Long-Term Trends in Estuarine Carbonate Chemistry in the Northwestern Gulf of Mexico

A four-decade dataset that spans seven estuaries along a latitudinal gradient in the northwestern Gulf of Mexico and includes measurements of pH and total alkalinity was used to calculate partial pressure of CO2 (pCO(2)), dissolved inorganic carbon (DIC), saturation state of aragonite (omega(Ar)), and a buffer factor (beta(DIC), which measures the response of proton concentration or pH to DIC concentration change) and examine long-term trends and spatial patterns in these parameters. With the notable exception of the northernmost and southernmost estuaries (and selected stations near freshwater input), these estuaries have generally experienced long-term increases in pCO(2) and decreases in DIC, omega(Ar), and beta(DIC), with the magnitude of change generally increasing from north to south. At all stations with increasing pCO(2), the rate of increase exceeded the rate of increase in atmospheric pCO(2), indicating that these estuaries have become a greater source of CO2 to the atmosphere over the last few decades.

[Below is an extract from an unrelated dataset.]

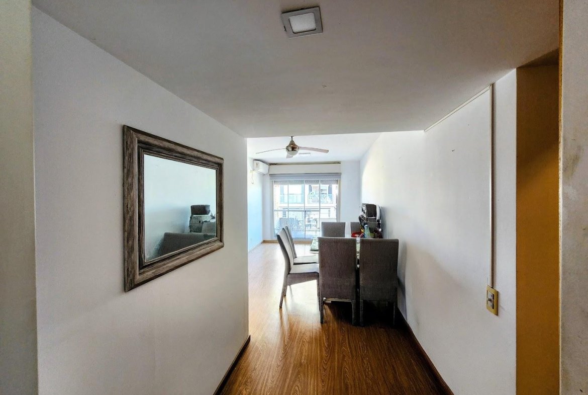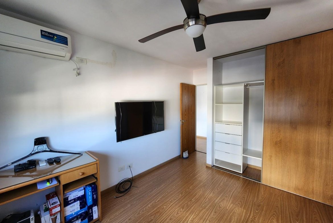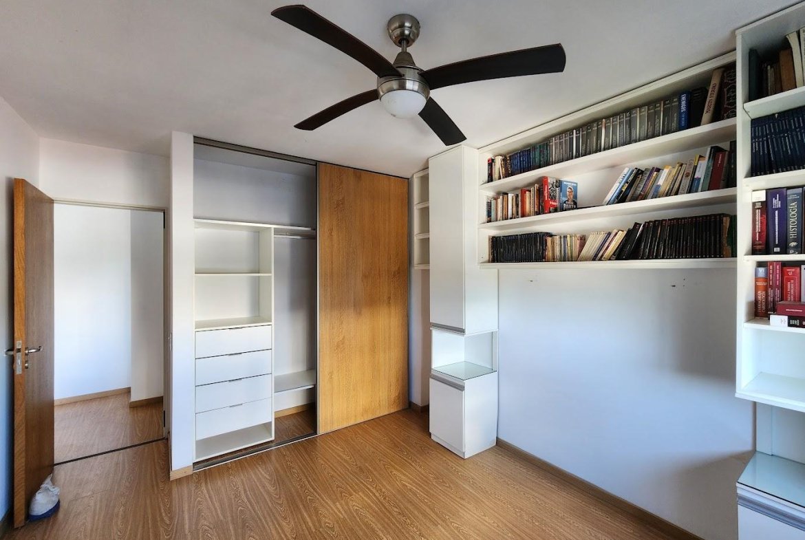Living comedor con pisos flotantes y con salida hacia el balcón del inmueble. Cómo dormitorio con placares con interiores, y baño completo con bañera.

The decreases in omega(Ar) have yet to cause omega(Ar) to near undersaturation, but even the observed decreases may have the potential to decrease calcification rates in important estuarine calcifiers like oysters. The decreases in beta(DIC) directly indicate that these estuaries have experienced continually greater change in pH in the context of ocean acidification.

Automated summary

Based on a four-decade dataset, this study examines the long-term trends and spatial patterns of CO2 concentration, pH value, and other related parameters in seven estuaries along the northwestern Gulf of Mexico. The study finds that these estuaries have generally experienced increasing pCO2 and decreasing values of DIC, omega(Ar), and beta(DIC), with the magnitude of change increasing from north to south. These findings suggest that these estuaries have become a greater source of CO2 to the atmosphere over the last few decades, potentially impacting calcification rates of important estuarine organisms.